City of Human Remains – Chapter 19
Cocanaugher
The mayor is with 11 other people: the vice-mayor, the city treasurer, his assistant Grace, and players from 32’s inner circle, along with, naturally, 4 serious-looking bodyguards wearing regulation gray flack suits and carrying bulky side-arms.
Franco Cocanaugher knows he is from another time – a flashback to a century-and-a-half earlier when campaigning politicians did not have to look perfect on broadcasters. Nothing about this man matches the current trends. He is not a poster politician. He resembles a real, working-class man – from a past reality, but a reality nonetheless. He dresses in heavy clothes – brass buttons on a hound’s-tooth suit with starched brown shirt, fat necktie (the knot hanging loose), and western boots. Bushy sideburns and big build, curly but thinning dark hair. On his upper lip sits a wide black moustache that stretches down over his top lip – an affectation that has appeared to some in the media as a perpetual frown, and on most days he’s able to counteract with a broad smile and a wink.

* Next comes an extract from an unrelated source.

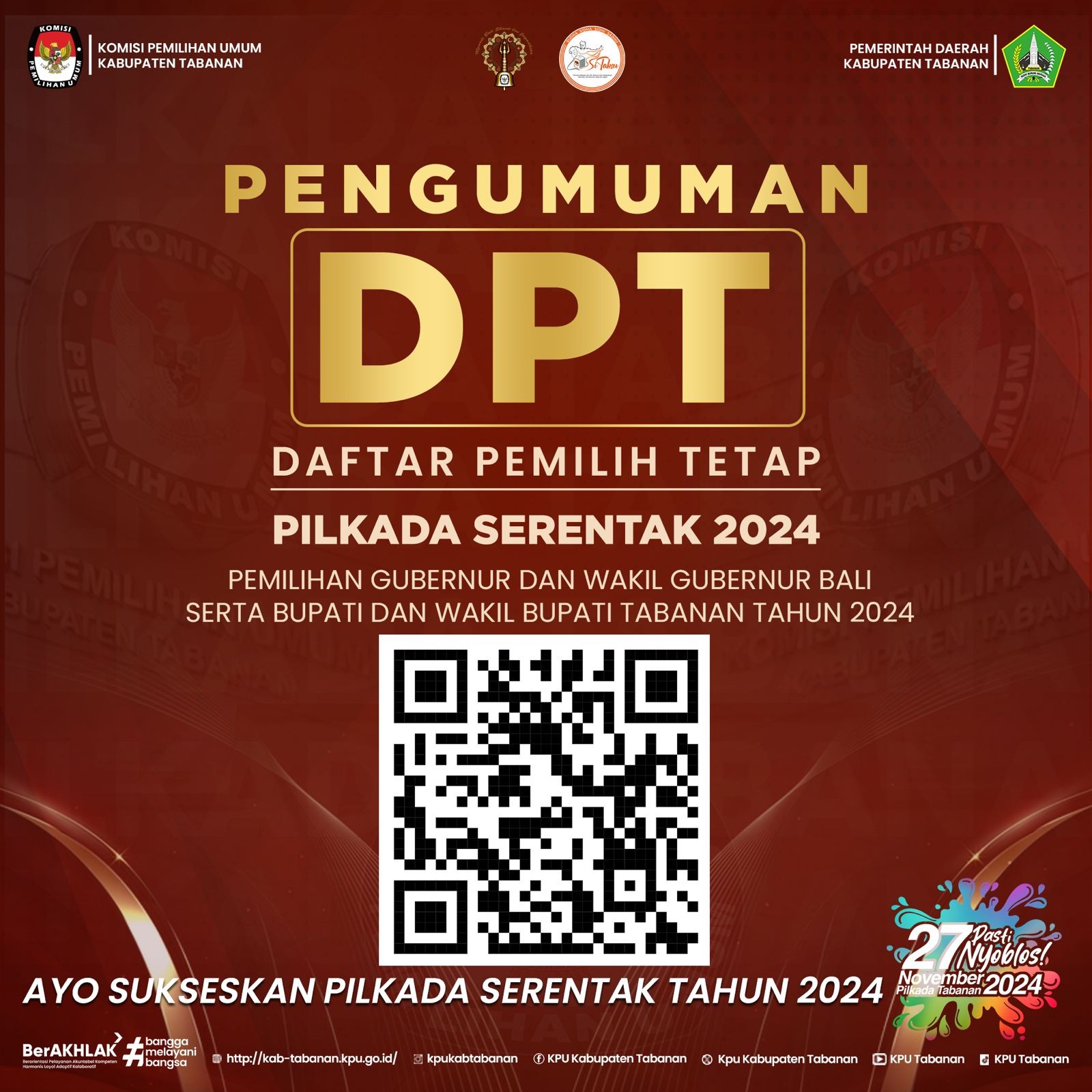 KPU Tabanan Hari ini minggu 22 September Komisi Pemilihan Umum Kabupaten Tabanan mengumumkan Daftar Pemilih Tetap yang telah ditetapkan pada tanggal 20 September 2024. KPU Tabanan menginformasikan selengkapnya pada tautan atau link dan barcode berikut

But not today. Today he means business.
Today, he does not shake hands. Instead, he respectfully touches the shoulders of those people nearest to him, as if he’s concerned for their diagnosis, and he’ll do anything he can to beat this thing.
Cocanaugher makes his way to the front – the only spot in the room with additional light, as the war-room is small and bare and dim. He leans into a barren table. For a moment, he feels very old – older than his 57 years. He connects with his audience, meeting a pair of eyes at a time. He hopes that they can detect his lack of sleep, and the gravity of the situation. Now standing against the white wall, Mayor Franco Cocanaugher, with his big body in his big coat, swells his chest to speak.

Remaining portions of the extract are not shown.